▸ **Work required**
The listing below must be repeated word for word, with its images excluded.

▸ **Data section**
[Start of Attachment]

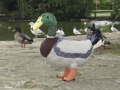 This is the My Pet Mallard Duck knitting pattern. As you will be aware if you have any of the "My Pet" collection of madmonkeyknits knitting patterns I try to make these designs as realistic as possible and true size where feasible. So this duck is duck size and fits in wherever real ducks may be hanging out. The knitting pattern provides full written instructions with lots of make-up photos to help you make this magnificent bird.
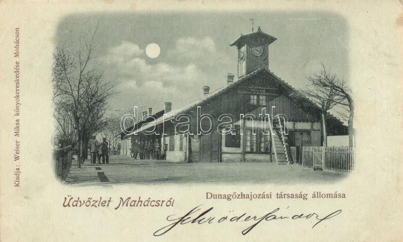 Mohács, Duna gőzhajózási társaság hajóállomása; kiadja Weiser Miksa könyvkereskedő
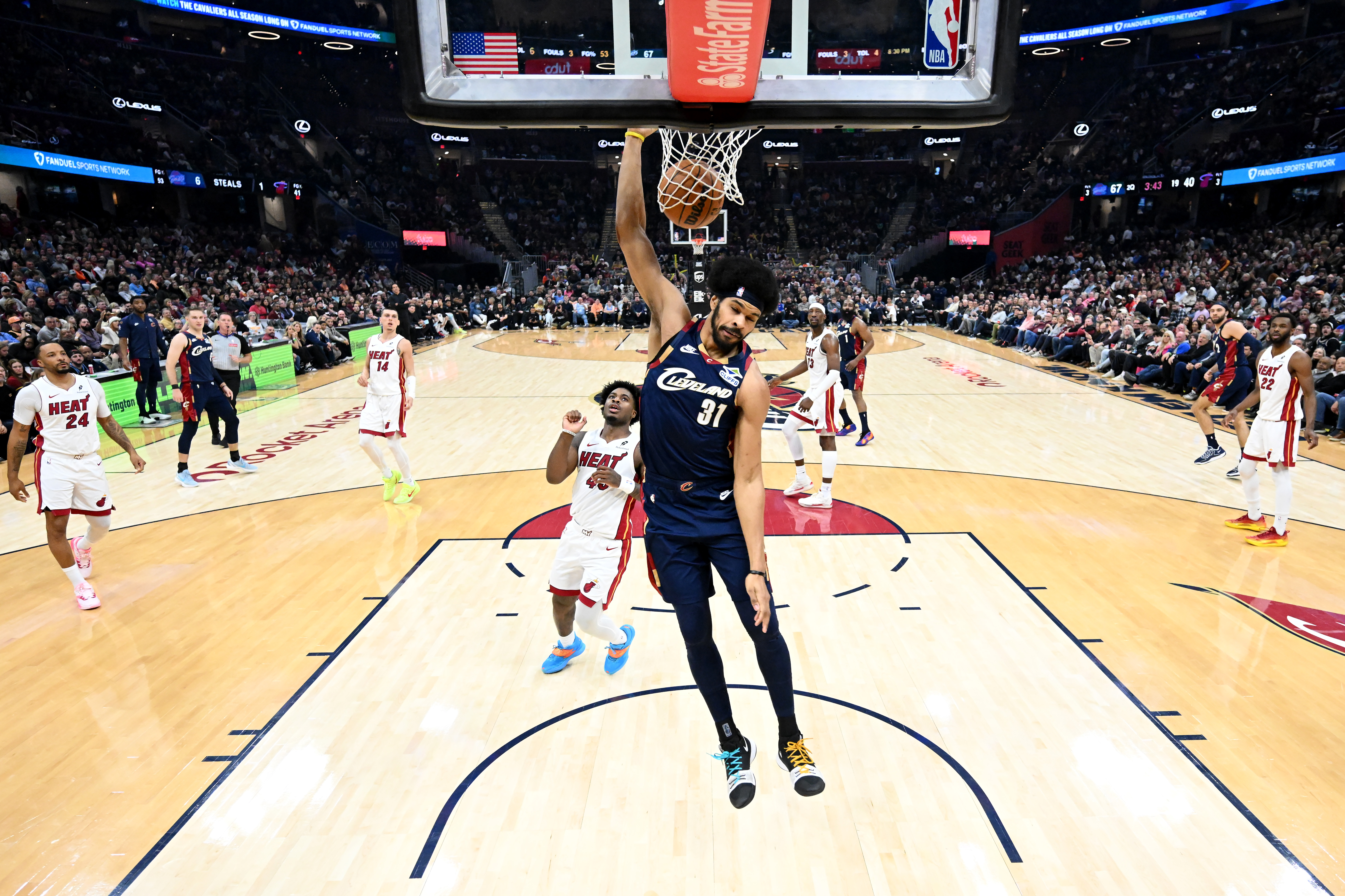 Getty Jarrett Allen #31 de los Cleveland Cavaliers hace un mate durante el segundo cuarto contra el Miami Heat en el Rocket Arena el 27 de marzo de 2026 en Cleveland, Ohio. Los Cavaliers derrotaron al Heat 149-128.

[End of Attachment]

▸ **Exercise solution**
 This is the My Pet Mallard Duck knitting pattern. As you will be aware if you have any of the "My Pet" collection of madmonkeyknits knitting patterns I try to make these designs as realistic as possible and true size where feasible. So this duck is duck size and fits in wherever real ducks may be hanging out. The knitting pattern provides full written instructions with lots of make-up photos to help you make this magnificent bird.
 Mohács, Duna gőzhajózási társaság hajóállomása; kiadja Weiser Miksa könyvkereskedő
 Getty Jarrett Allen #31 de los Cleveland Cavaliers hace un mate durante el segundo cuarto contra el Miami Heat en el Rocket Arena el 27 de marzo de 2026 en Cleveland, Ohio. Los Cavaliers derrotaron al Heat 149-128.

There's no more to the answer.